The current government of North Korea, you mean?
I believe it will last at least one more generation for sure, likely two generations, but beyond that point all bets are off.
My reasons for believing this have almost nothing to do with anything internal to North Korea. Rather, I am basing my assertion on the assumption that the current generation of Chinese leadership is not ready to stop propping up the government of North Korea, and it is somewhat doubtful that the next generation will be either. Beyond that is much harder to predict.
China is such a major political power that nobody can make them back down on this until they are ready. (Among other things, China has a permanent seat on the UN Security Council, complete with veto power, so no resolutions can be passed that they do not allow.)

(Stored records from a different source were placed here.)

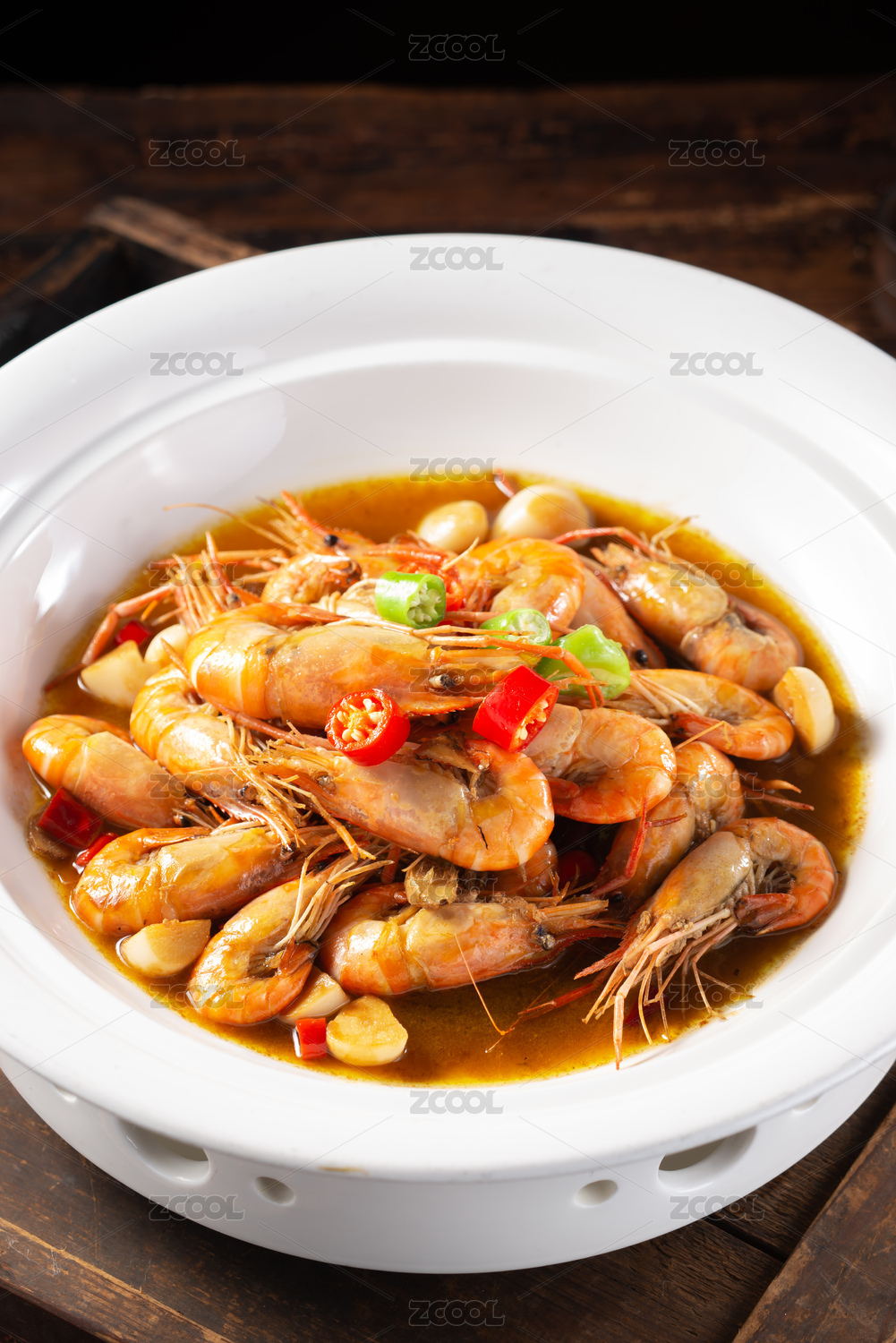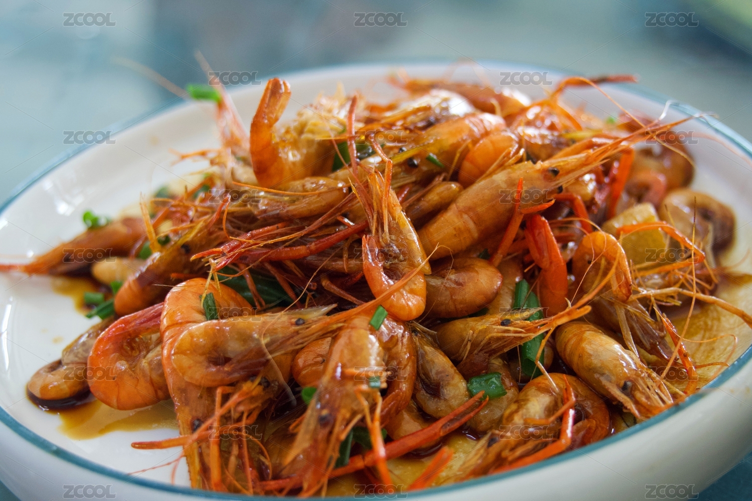 桌上碗里的油爆河虾的特写镜头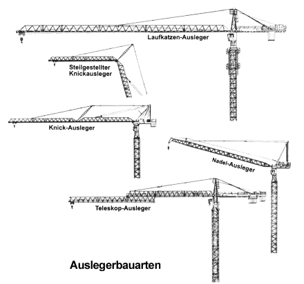 Die meisten auf deutschen Baustellen arbeitenden Turmdrehkrane sind Krane mit Laufkatzausleger. Dieser ist waagerecht am Kranturm montiert. Der Lastentransport erfolgt mit Hilfe einer Laufkatze, welche auf den Basisschienen des Auslegers fährt und das Hubseil mit sich führt.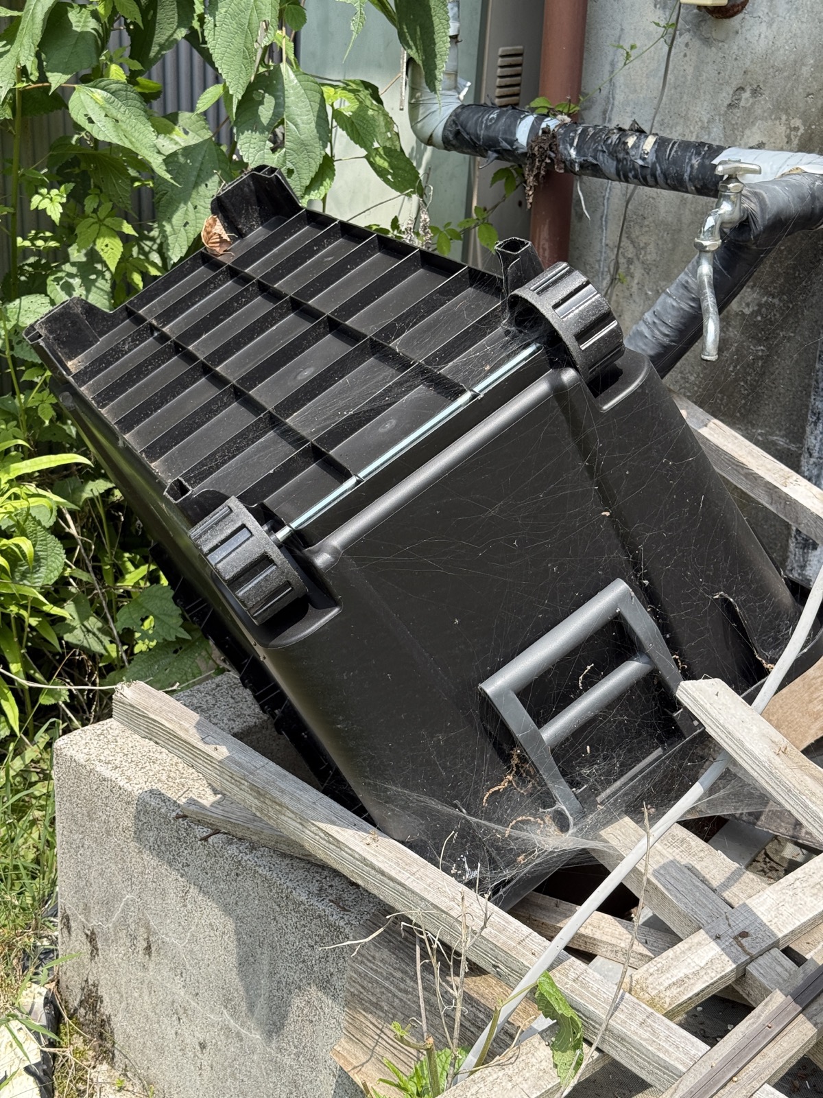 かつてYoshioが「手作り簡易ボイラーでの足湯(露天風呂もやった)」で使った収納ボックスではないか! 蜘蛛の巣が張るほど放置されているとは、もったいない。これを使ってガーデンシンク的な流し台を作ってしまおう。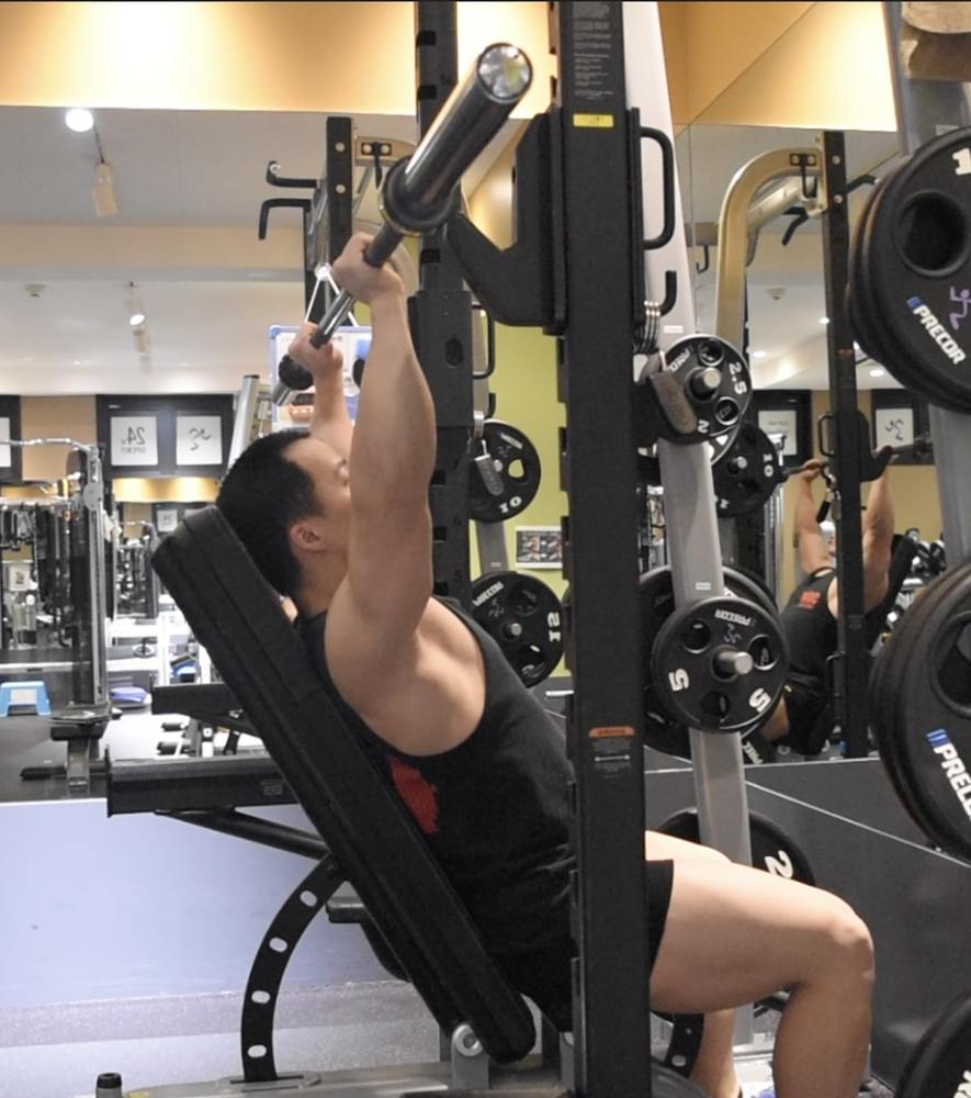 スミスマシンショルダープレスのやり方!肩に効く手幅・角度・向きなどコツを解説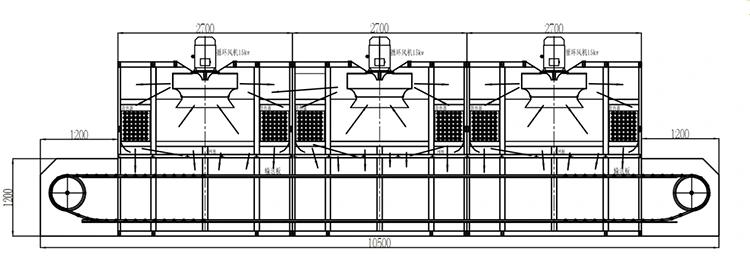 1. Hlavní zónování: Sušička volných vláken je rozdělena na dvě části: sušicí zónu (3 komory) a přenosovou část.

North Korea as it exists today has no *practical* value to China (or to anyone), but practical value is only one of several major considerations in Chinese politics, and it is not the one held in highest esteem. Politically, maintaining the situation in North Korea is important.
First, the current government in North Korea is a Communist government, and while China is in practice no longer the same kind of blindly-anti-capitalist regime that we think of in the West when we hear the word "Communist", the government of China still holds very strongly to the *word* "Communist" as an important political position. This will gradually fade with time, but currently it remains essentially a third rail political issue in China, because a large percentage of the current leadership actually grew up under Mao's regime. I won't bore you with all the details here, but if you are genuinely interested, see the following Wikipedia article:
http://en.wikipedia.org/wiki/Generations_of_Chinese_leadership
The upshot of all that is, right now it is still dangerous in China to speak out against any of Mao's stated principles. Now, the Chinese government has very much moved away from what Mao *would have wanted*, especially in economic terms. That's all well and good, because what Mao *would have wanted* is, in the absence of official statements, a matter of opinion and speculation and interpretation. Moving away from what he actually *said* is more dangerous, for now, because everyone currently in a major position of leadership actually remembers him. Mao's importance in Chinese politics cannot increase; it can only decrease over time -- but that decrease in import is only going to happen rather gradually, as other important figures find their way into the limelight.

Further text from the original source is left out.